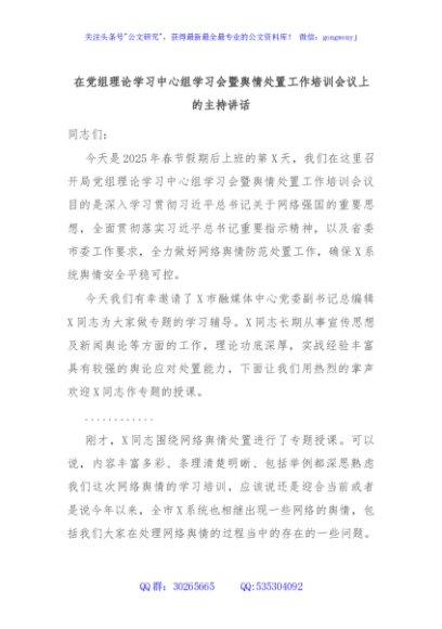 / 在党组理论学习中心组学习会暨舆情处置工作培训会议上的主持讲话
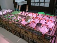 寿司、ひもの、海産物、おにぎり、コロッケや野菜を売る店が、軒を並べています。 そのうちの「港八十三番地」に寄ってみましょう。
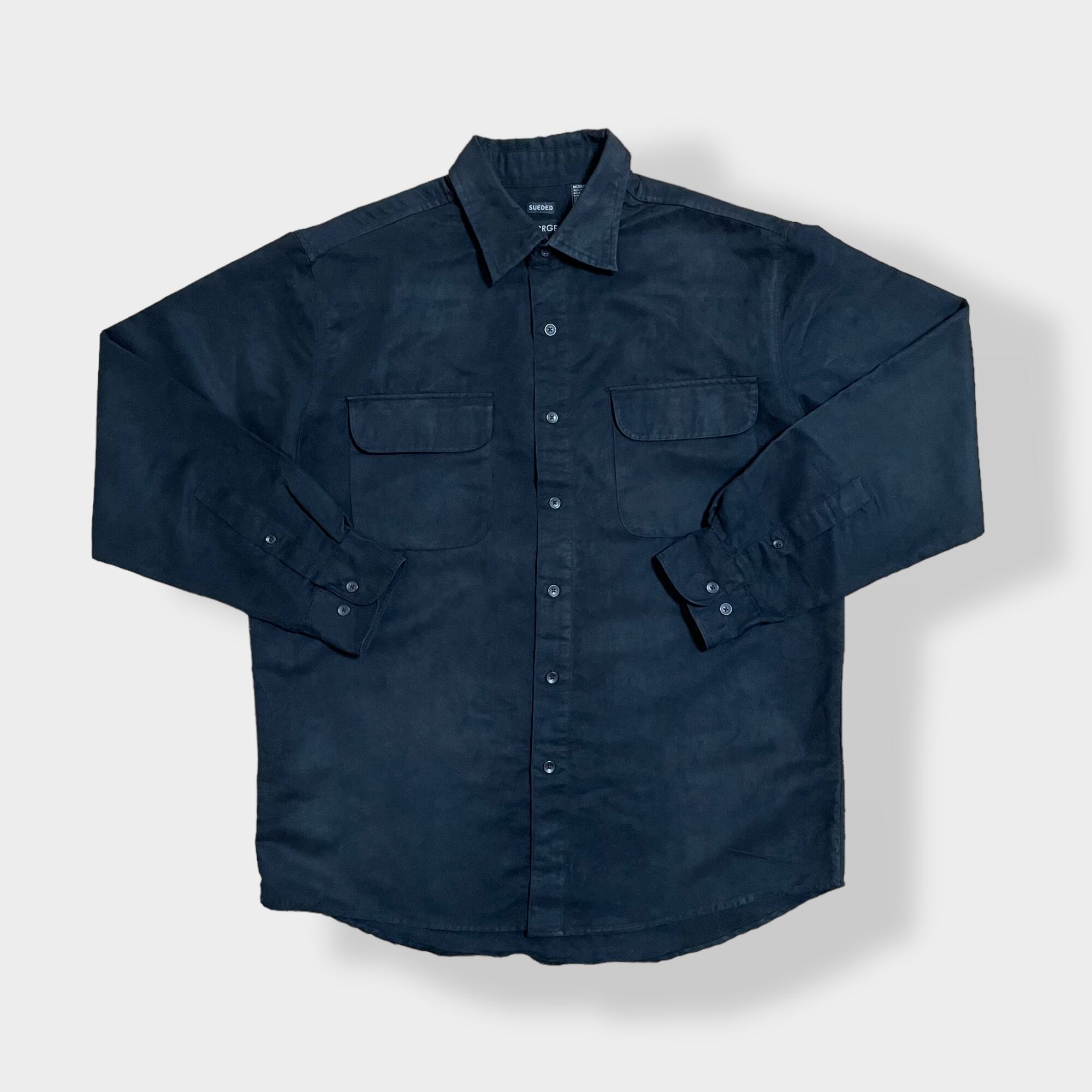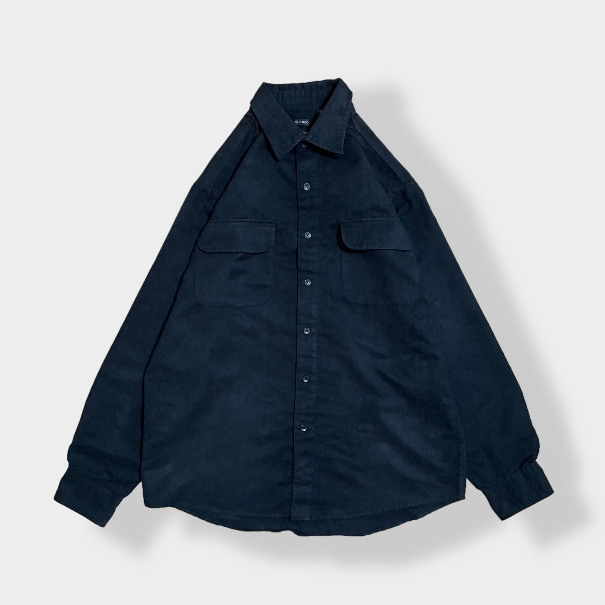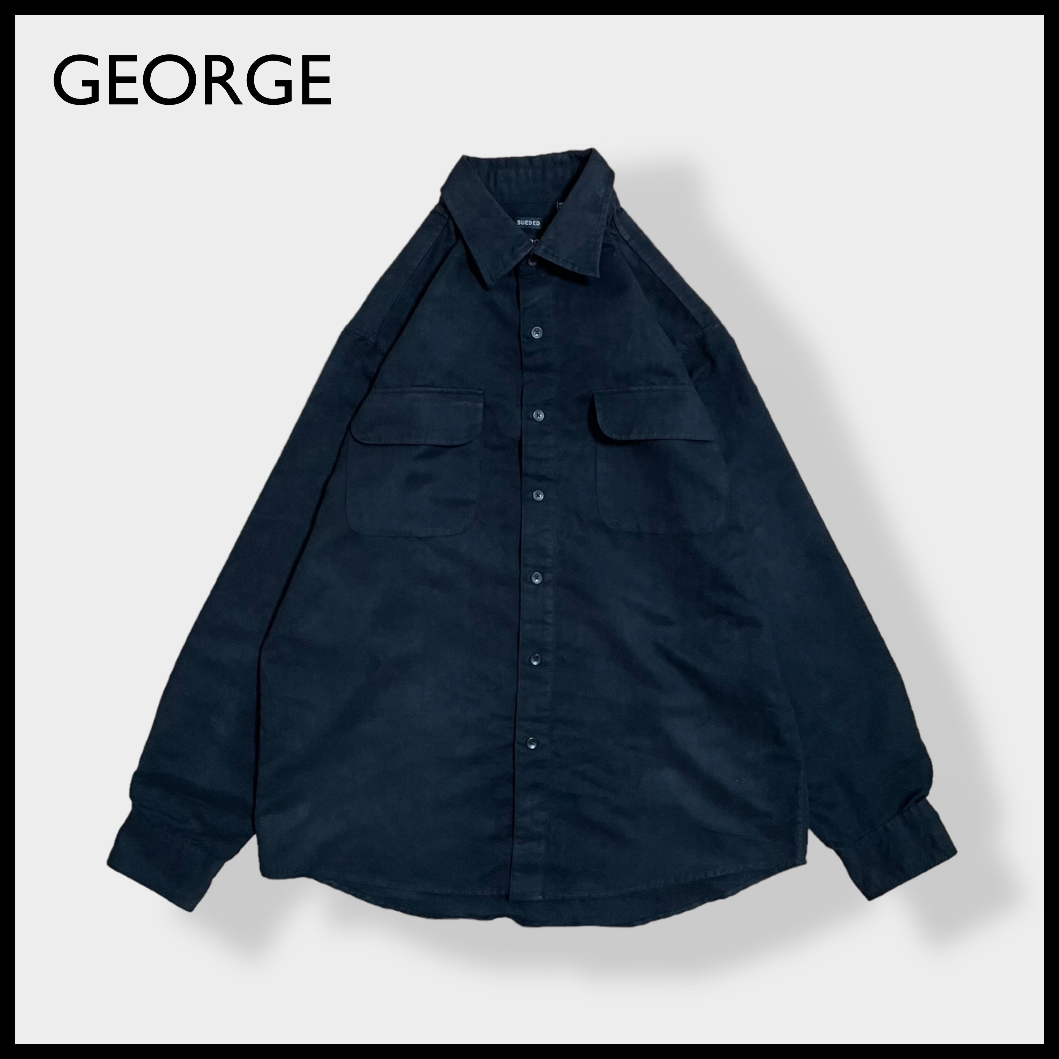 【GEORGE】フェイクスウェード 長袖シャツ ポリシャツ カジュアルシャツ M ブラック US古着

+ + + +

**TASK TO COMPLETE:**
An exact copy of all the data above is required; omit any pictures.

**YOUR RESPONSE:**
 / 在党组理论学习中心组学习会暨舆情处置工作培训会议上的主持讲话
 寿司、ひもの、海産物、おにぎり、コロッケや野菜を売る店が、軒を並べています。 そのうちの「港八十三番地」に寄ってみましょう。
 【GEORGE】フェイクスウェード 長袖シャツ ポリシャツ カジュアルシャツ M ブラック US古着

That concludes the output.